There going to plow a 8 acre lot with trucks & 8' blades ? How much is left for parking after a couple storms ? The salting is crazy. Sound like your lucky not to get it. To much out of your control.


----------



## BigLou80 (Feb 25, 2008)

Thank god you were smart enough to tell them "good luck with that guy" to many people will match a stupid price like that making it harder for the rest of us to make a living


----------



## QuadPlower (Jan 4, 2007)

I needed the work Superior. I'm actually subbing it out for $20 an hour. I'm making $20 an hour to stay home. I got two homeless guys to spread the salt with drop spreaders we use for grass seed. All that is costing me is food. Menards is supplying the salt so I'm making out there to.

Just kidding. Good thing you walked away. Put that truck to work for $800/hr.


----------



## Milwaukee (Dec 28, 2007)

That guy should have not plow. Do he have insurance for plow at Menard?


----------



## Enzo (Feb 27, 2008)

now that is some crazy stuff


----------



## smoore45 (Oct 27, 2007)

That sucks. It seems like this is more common in Michigan than in other parts of the country. Maybe I should move.


----------



## elite1msmith (Sep 10, 2007)

the reason for the hourly rate for salting, is becasue menards will supply you with there salt form in the store and load it into your spreder, 

and i have seen most bids around 75 per hour


----------



## big pusher (Sep 9, 2008)

I think you might see more of this during this season because contractors are becoming more desperate.


----------



## powerjoke (Nov 13, 2004)

elite1msmith;592762 said:


> the reason for the hourly rate for salting, is becasue menards will supply you with there salt form in the store and load it into your spreder,
> 
> i thought that was a little weird too, but what L&L was talking about was, the time it would take to load the salter via bag. it could have made more....way more
> 
> and i have seen most bids around 75 per hour





Milwaukee;591769 said:


> That guy should have not plow. Do he have insurance for plow at Menard?
> 
> H'mmmmm i am sure no-one thought of that...why don't you send them an e-mail and find out?


i just get sick and tired of everyone trying to beat everyone for the last penny!. i droped by a medium size lot (1-1/4 acre) the other day to drop off a contract and the prop. owner scribled out my price filled in his own dollar figure and signed it and returned it to me, after we already agreed on the price LMAO..

PJ

PJ


----------



## IMAGE (Oct 21, 2007)

powerjoke;593078 said:


> i just get sick and tired of everyone trying to beat everyone for the last penny!. i droped by a medium size lot (1-1/4 acre) the other day to drop off a contract and the prop. owner scribled out my price filled in his own dollar figure and signed it and returned it to me, after we already agreed on the price LMAO..
> 
> PJ
> 
> PJ


haha thats a good one. you should scribble out his signature, and write in "bozo the clown" and send it back to him.


----------



## bribrius (May 5, 2007)

well.

if money is okay this winter i wont plow much and will try to overcharge when i do. 

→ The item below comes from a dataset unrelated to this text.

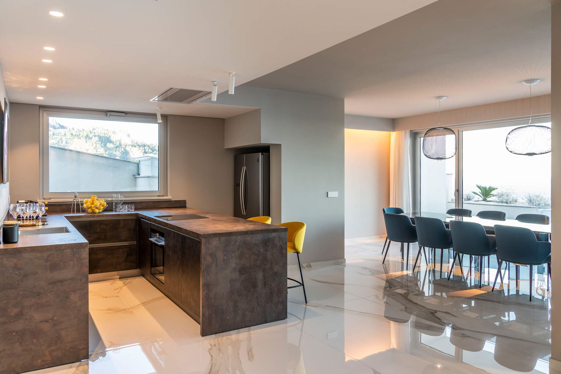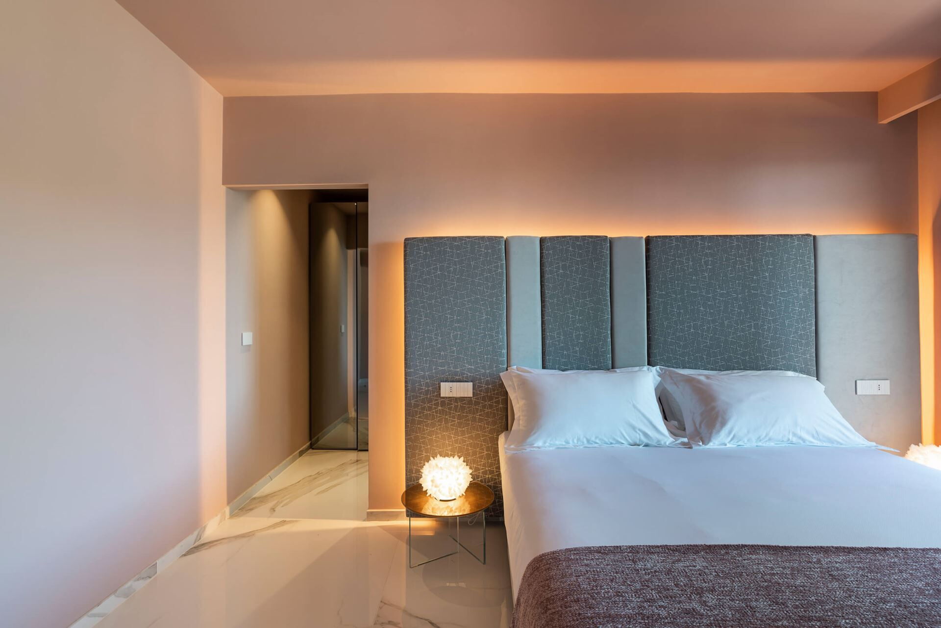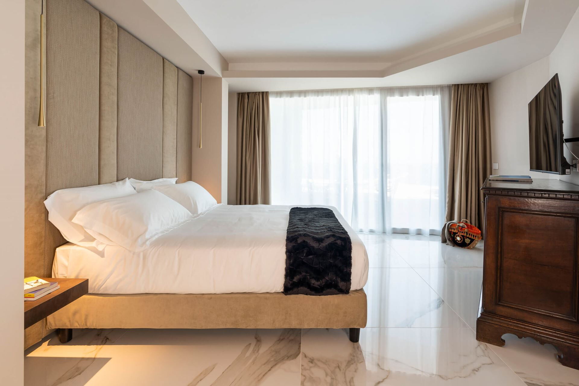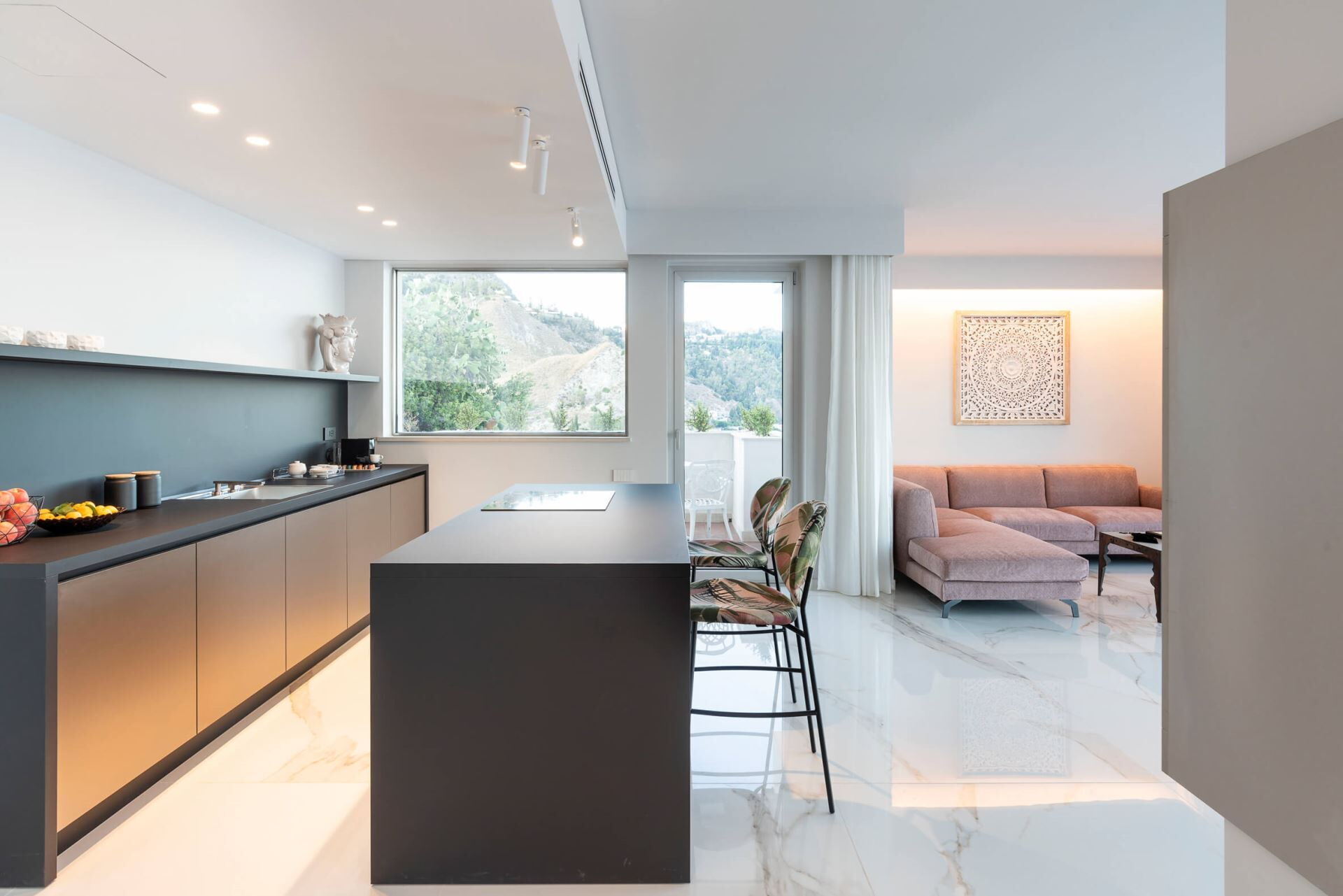 Villa Taormina strekt zich uit over vier verdiepingen, allemaal verbonden door een lift voor gemakkelijke toegang, en biedt plaats aan maximaal 20 gasten verdeeld over 10 slaapkamers en 11 badkamers. De begane grond beschikt over een grote woonkamer met eetkamer en keuken, 2 tweepersoonsslaapkamers met en-suite douches, een wasruimte en de uitgebreide wellnessruimte die de fitnessfaciliteiten, sauna, massageruimte en multisensorische douche omvat. Een van de slaapkamers op de begane grond beschikt over een inloopkast. De eerste verdieping biedt een grote woonkamer met zithoek, eetkamer en keuken, samen met 4 tweepersoonsslaapkamers, allemaal met en-suite douches, en een terras. Twee van deze slaapkamers beschikken over inloopkasten. De tweede verdieping bevat een grote woonkamer met eethoek en keuken, 3 tweepersoonsslaapkamers met en-suite douches, en een terras. Een van deze slaapkamers beschikt over een inloopkast. De derde verdieping bestaat uit een woonkamer met eethoek, keuken, 1 tweepersoonsslaapkamer met en-suite douche, en 2 kleine terrassen. Alle 10 tweepersoonsslaapkamers zijn uitgerust met televisies en luxueuze en-suite badkamers met douches, wat privacy en comfort voor elke gast garandeert. De villa beschikt over 4 afzonderlijke woonkamers met keukens, eet- en zithoeken verdeeld over de verschillende verdiepingen, waardoor uw groep over meerdere ontmoetingsruimtes beschikt.

if money is not so good this winter i have to plow for beer and spending money, more plowing than i want to do and at market rate.

if money is really tight i will have a sign saying "will plow for food or heating oil" on my truck and lowball everything.


----------



## LoneCowboy (Jan 2, 2007)

powerjoke;593078 said:


> i just get sick and tired of everyone trying to beat everyone for the last penny!. i droped by a medium size lot (1-1/4 acre) the other day to drop off a contract and the prop. owner scribled out my price filled in his own dollar figure and signed it and returned it to me, after we already agreed on the price LMAO..
> 
> PJ
> 
> PJ


that's unbelievable.
Truly. 

I wouldn't say a word
Just wait til it snows and just never show up.
You don't, after all, have a contract. If you modify a contract, you have invalidated the existing one. He has made an offer to you, you haven't signed his version. no contract.
Let him try and find someone when the snow is flying


----------



## Brant'sLawnCare (Jun 29, 2007)

Superior L & L;590393 said:


> I just put a bid together for a Menards in our area. The store asst. manager was super nice and helpful. I get all my "stuff" together and go present my bid. They decide they will handle all sidewalks and salt supplying. This means i have to salt a 8 acre parking lot and lumber yard with bagged salt. I figure that i would use 3-4 tons per application or FOUR PALLETS!! in a v box. This does not make much sence to me !! they just want a per hour price for a salt truck. Now i could give then a good price and that would tie up a salt truck all nite or that same truck could be grossing $800.00 per hour putting our salt down at other locals.
> Then we start talking about trucks and loaders and said he had 4 quotes, 3 were in the $75-85 per truck per hour and one guy quoted $40.00 per truck and would guarantee two trucks on the lot for each snowfall. The Menards guy even said i cannot belive this guy was quoting this and that he doesnt belive he know what he's getting into. But he said this guy would be getting the contract unless im LOWER!!
> 
> I tell the guy to hire that guy and call me when he has 5" of snow in the lot and this "cheap guy" doesnt show, shows but cannot keep up or is stuck cos 8' plows are no good!!
> ...


Wow, that's how much I charge for mowing, and that's a lot easier on stuff! Even a "Lowballer" should be able to get more than that. That guy brings a new meaning to the word!


----------



## Ramairfreak98ss (Aug 17, 2005)

I think thats lower than what i ever took for snow blowing residential driveways lol. I can chew up $40 in fuel per hour with two trucks


----------



## creativedesigns (Sep 24, 2007)

powerjoke;593078 said:


> i just get sick and tired of everyone trying to beat everyone for the last penny!. i droped by a medium size lot (1-1/4 acre) the other day to drop off a contract and the prop. owner scribled out my price filled in his own dollar figure and signed it and returned it to me, after we already agreed on the price LMAO..
> 
> PJ
> 
> PJ


So what did u do? lol, did ya call him back...


----------



## Jay brown (Dec 26, 2005)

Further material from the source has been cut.